Screening for Current or Past Symptoms of Depression, Anxiety, and Suicidal Ideation
Thursday, January 17, 2013: 2:30 PM
Marina 5 (Sheraton San Diego Hotel & Marina)
* noted as presenting author
Background and Purpose:
The passage of the 2010 Patient Protection and Affordable Care Act (PPACA) signaled a change in the approach to health care away from specialty services and towards primary care services. One of those changes is the increased integration of physical and behavioral health care in primary care settings. For mental health services to youth, the focus on primary care holds promise: nearly 70% of adolescents visit a primary care provider (PCP) each year and many adolescents report a willingness to talk to their medical provider about mental health problems. As a result, there is a growing interest in the feasibility of screening adolescents for mental health problems in primary care. It has been estimated that 9% of adolescent patients are experiencing depression, 6-20% are suffering from an anxiety disorder, and 13% are having suicidal thoughts. Consequently, best practice recommendations now encourage screening for behavioral health concerns at least at a pediatric well visit, but preferably at all visits. One of the limitations of current screening tools is that most only ask about symptoms in the past week or two. This presents particular limitations because a high percentage of patient contact is at a yearly well visit. Serious behavioral health concerns may go undetected if patients are only asked once a year about symptoms in the past two weeks. Therefore, the purpose of this study is to examine whether additional high risk youth are identified when screening for past year symptoms of depression and anxiety, and lifetime symptoms of suicide ideation. A second purpose is to examine if frequency, in addition to presence, of past symptoms is associated with increased odds of endorsing risk behaviors.

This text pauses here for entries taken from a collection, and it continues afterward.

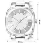 Step up your wrist game with a perfect blend of fashion and function. Featuring a striking White colour Square dial and a rich Silver Stainless Steel strap, this watch is crafted for those who appreciate attention to detail and comfort. The mineral glass shield adds durability, while the quartz movement ensures precise timekeeping every day.
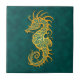 Golden Blue Tribal Seahorse Tile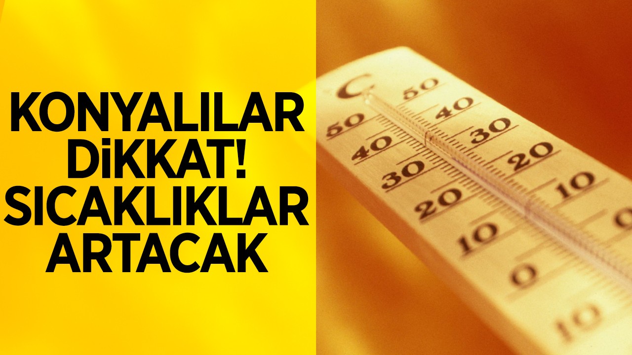 Konya'nın Ahırlı, Akşehir, Çeltik, Cihanbeyli Çumra, Emirgazi, Ereğli, Karapınar, Kulu, Selçuklu ve Yalıhüyük ilçelerinde sıcaklık artacak. Konya'nın 11 ilçesinde termometreler coşuyor. Vatandaşların özellikle öğle saatlerinde dışarıya çıkmamaları önerildi.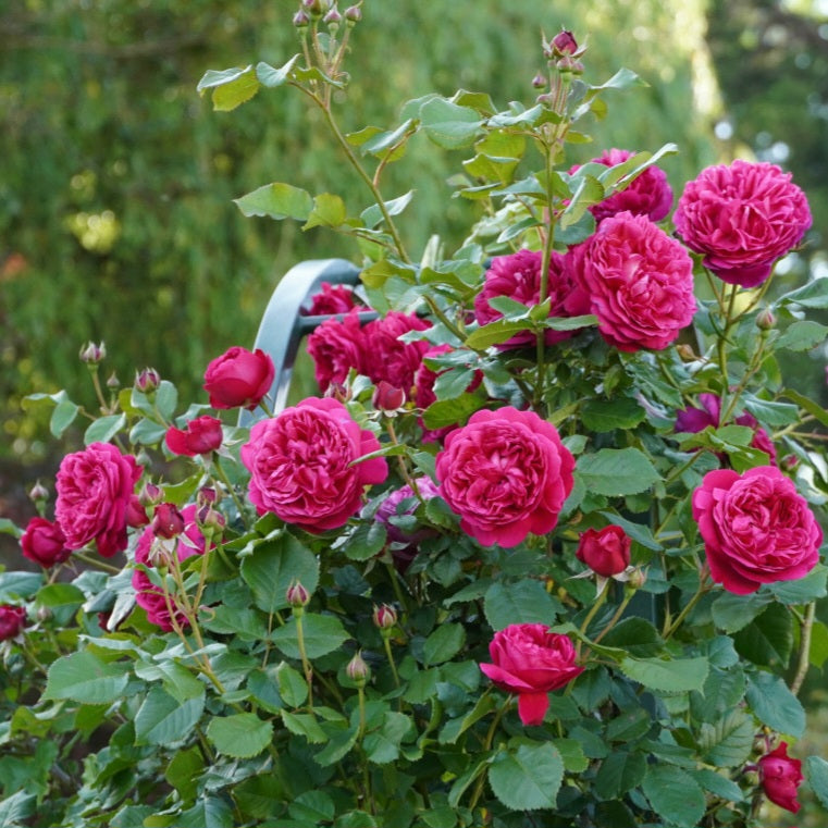 Ziedi ir lieli, dubulti, antīkas formas, rozā karmīna krāsā, ziedkopās. Spēcīgs Damaskas rožu un citrusaugļu aromāts. Ziedēšana ir bagātīga un atkārtota. Lapu masa ir spīdīga, tumši zaļa, veselīga, uzsver ziedu skaistumu un pārpilnību.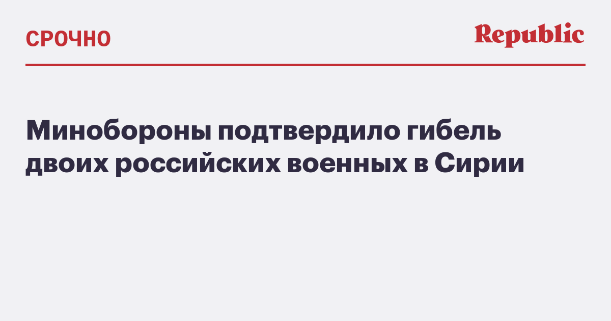 Минобороны подтвердило гибель двоих российских военных в Сирии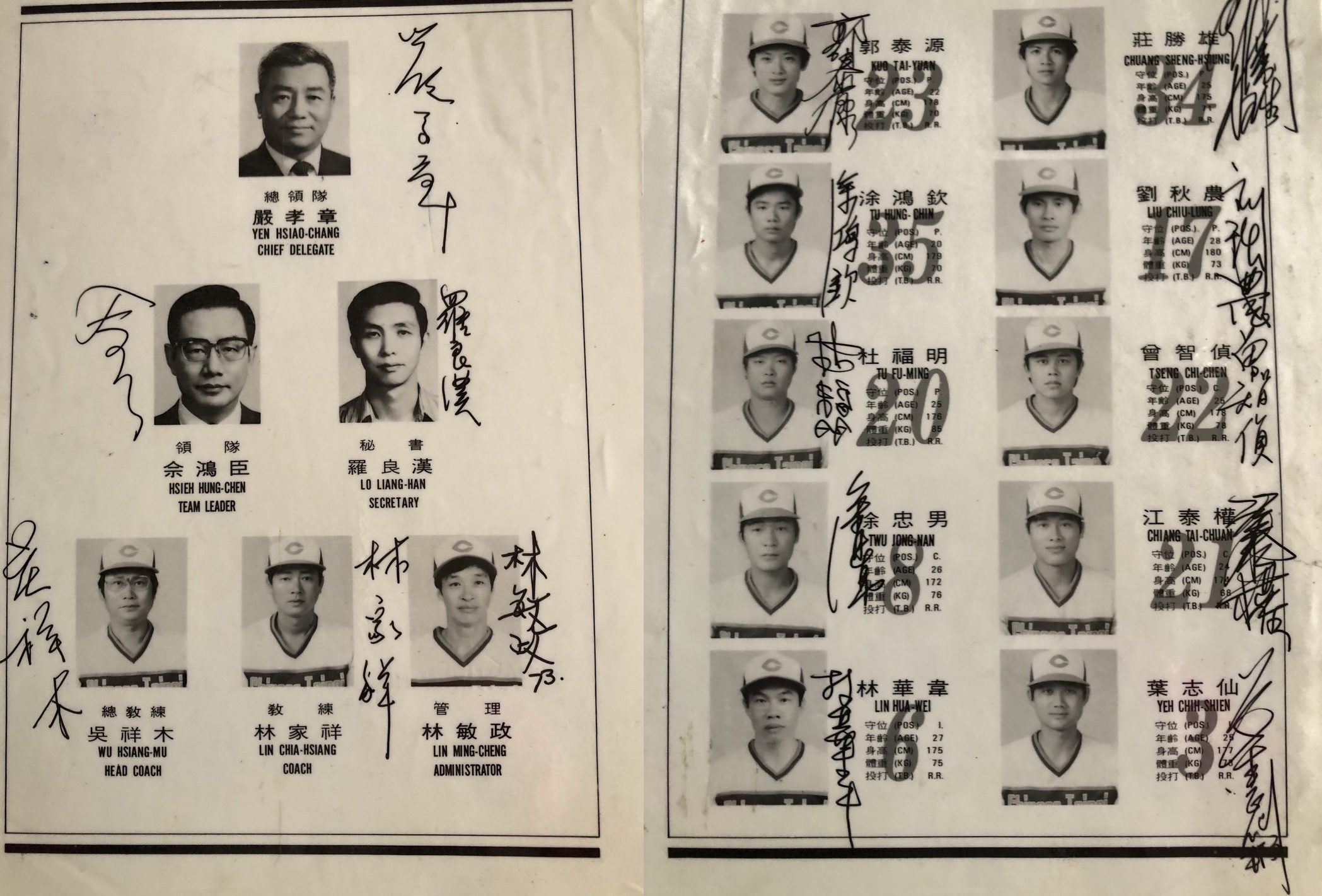 4杜福明仍保留中華隊進軍1984年洛杉磯奧運的隊職員名冊,還請大家簽名留念。杜福明提供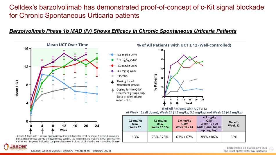 12 Briquilimab is an investigative drug and is not approved for any indication Phase I: Briquilimab robustly depletes tryptase and c - Kit positive skin mast cells *Punch Biopsy Wound Model Source: Amgen Phase 1a (SAD = 71 briquilimab patients; MAD = 8 briquilimab patients) Briquilimab Phase 1a (N=71): Reduction in SCF (c - Kit) positive and Tryptase positive mast cells in punch biopsy wound model c - Kit + Mast Cells Tryptase+ Mast Cells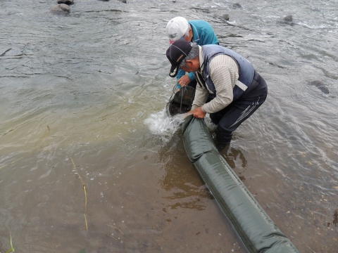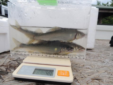 事業河川 あゆ放流 あゆの成魚放流 事業 2025.04.082025.04.14 この記事は約1分で読めます。 令和6年 7月19日(月): PM2:00 矢島地区坂之下河川公園において漁協で初めてとなるあゆの成魚放流を実施しました。 阿仁川あゆセンターの協力を得て最初に体長17㎝のあゆ30㎏、次にやや小さい12㎝ほどのあゆ60㎏、あわせて90㎏を放流、放流したあゆの状態を網で掬って確認するとともにこの後も経過観察を行うこととしました。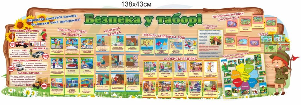 Купити – Стенд “Безпека у дитячому таборі” «Stendschool.com» Ви можете, зателефонувавши за номерами, які вказані у верхній частині сайту, або оформити замовлення самостійно на сайті. Усі представлені стенди виготовлені з високоякісного ПВХ (пластику) товщиною 3 мм, який вкривається плівкою з повнокольоровим друком. «Кишені», в свою чергу, з прозорого пластику, який з часом не змінює колір. При транспортуванні ми огортаємо стенд у гофрокартон, що дозволяє безпечно їх транспортувати без ризику пошкодження.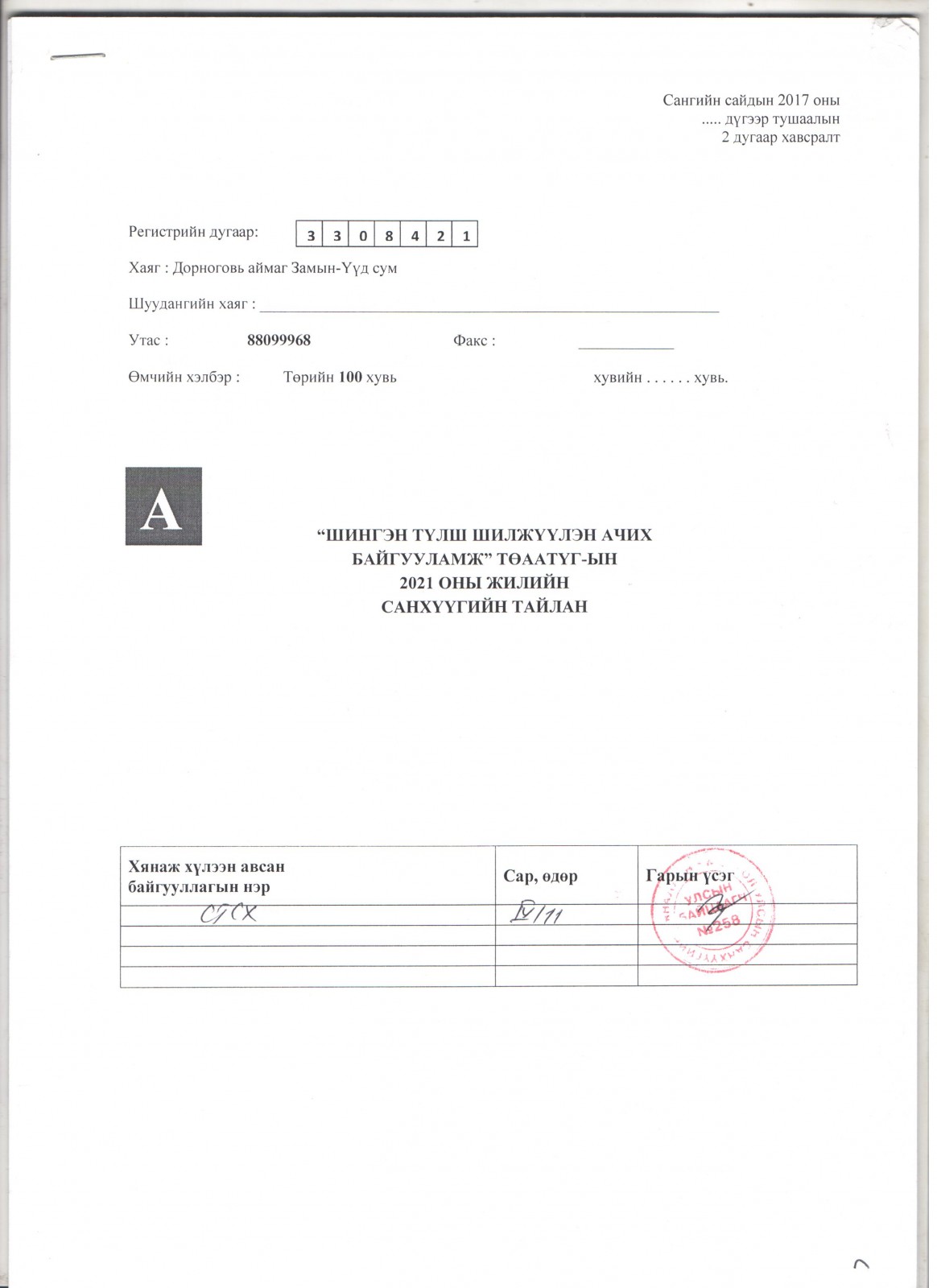 Санхүүгийн 2021 оны тайлан

Methods:415 adolescents, aged 12 – 21 years old (M = 15.8, SD = 2.2) completed the Behavioral Health Screen in four urban primary care offices. The BHS assesses current and past symptoms and is a web-based, psychosocial screening tool designed for primary care settings. Simple descriptive statistics odds ratios were used to answer the research questions.

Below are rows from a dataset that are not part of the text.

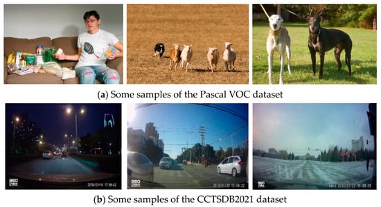 The original YOLOv4-tiny model’s anchor boxes were obtained by clustering the COCO dataset [] and the Pascal VOC dataset []. By analyzing these datasets, we found that the targets in these datasets were more different in size and shape from those in the traffic sign dataset, and the background of the traffic sign dataset was more complex. As a result, the original anchor box size was unsuitable for Chinese traffic sign detection task and may harm the model’s training results. Figure 7 shows samples from the Pascal VOC dataset and the CCTSDB2021 dataset.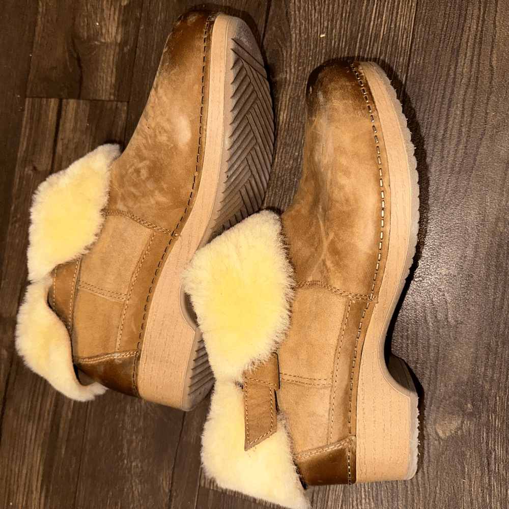 Dansko ortho, comfortable, Sherpa lined, distressed, tan, slip on, European clogs. In good, gently used condition. From a pet and smoke free house.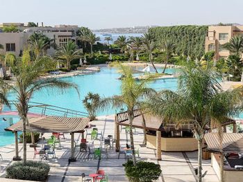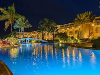Завышенная звездность отеля. Не тянет на 5ку, это такая крепкая 4ка по египетски, или хорошая свежая 3ка в Турции или Греции. Отсюда весь остальной негатив, если бы мы четко понимали, что ждать не было бы завышенных ожиданий т.к. опыт полноценных 5* в Египте имеется. 1. Отель устал. Нужен ремонт, чувствуется "тусклый блеск" былой славы. Номера хорошие (см выше), но уже очевидно пора сделать косметический ремонт в ванных и срочно менять двери. Также ремонта требуют бассейны, душевые стойки на пляже (половина не работает или работает через раз, туалеты на пляже (ручка двери в туалете остающаяся в руках, это конечно провал). Конференц зал - весь дряхлый и потрепаный, в бильярдной столы с порваным сукном в общем ремонт нужен и срочно, либо понижайте звездность до 4*, а то и 3* 2. Проблема с тараканами - в 5м корпусе на ежедневной основе (есть фото и персоналу говорили). В коридоре вдоль номеров каждое утро нас встречали трупы насекомых, судя по запаху дихлофоса вечером их регулярно травят. Пару раз ловили в номере уже подыхающего (очевидно бежали от отравы в коридоре) - предположение что конкретно в 5-6 корпусе они бегут из соседнего отеля, потому что в коридорах других корпусов не видели и не чувствовали запах отравы. 3. Уборка номеров - если не пинать через ресепшн, уборка делается спустя рукава. Когда пожаловались на ресепшн и влажную уборку началиделать и халаты и тапочки выдали и подстилки для ног стали менять.. 4. Питание - тут точно отель не тянет на 5*, как писал выше крепкая тройка либо 4ка. Каждый прием пищи можно найти что поесть, но в целом выбор был весьма скуден. Фрукты зачастую недозрелые. Кстати удобный и неплохой ресторанчик на пляже (делают пиццу каждый обед), мы в итоге не ходили в основной в обед, питались на пляже. 5. Интернет - это вообще позор для современного отеля. Бесплатный в лобби не тянет толком даже мессенджеры, по номерам только платный, хотя в других отелях (тем более в 5*) в стоимость включен по терр отеля и на пляже.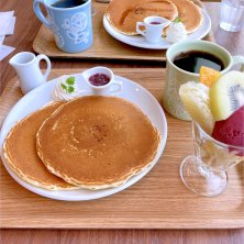 ◉サマー桃🍑パンケーキ (((o(*゚▽゚*)o)))♡ 美味すぎるやーつ❣️ 桃🍑の果肉がジューシー美味しい。 甘さ控えめ生クリーム バニラアイス 桃のジュレ オリーブオイルと岩塩がかかったチーズクリームアイスをパンケーキにかけていただきます‼️ パンケーキ🥞は薄手ですが、ふんわり3枚。 プラス250円でドリンク付けれます。 アールグレイか、フレーバーティー選べます。 本日は桃のフレーバーティー 桃のパンケーキにベストマッチ❣️ なかなかのヒットでございました‼️

Results: When asked about symptoms in the past year, even with the absence of current symptoms, an additional 22% of adolescents endorsed depression symptoms, 9% endorsed anxiety symptoms, and 13% reported suicidal ideation (in their lifetime). Adolescents who endorsed symptoms in the past had significantly greater odds of displaying other risk behaviors than those who endorsed no symptoms at all, but lower odds than those with current symptoms. Youth reporting frequent past symptoms had a similar level of risk for other psychiatric and risk behaviors, as those patients who endorse current symptoms .
Conclusions and Implications: The 2010 PPACA has provided a financial incentive to integrate physical and behavioral health care in primary care. This presents a significant opportunity for social workers to provide mental health services to youth in primary care settings. By screening for current and past symptoms, the BHS provides more accurate identification of youth with serious depressive and anxiety symptomology and suicidal ideation.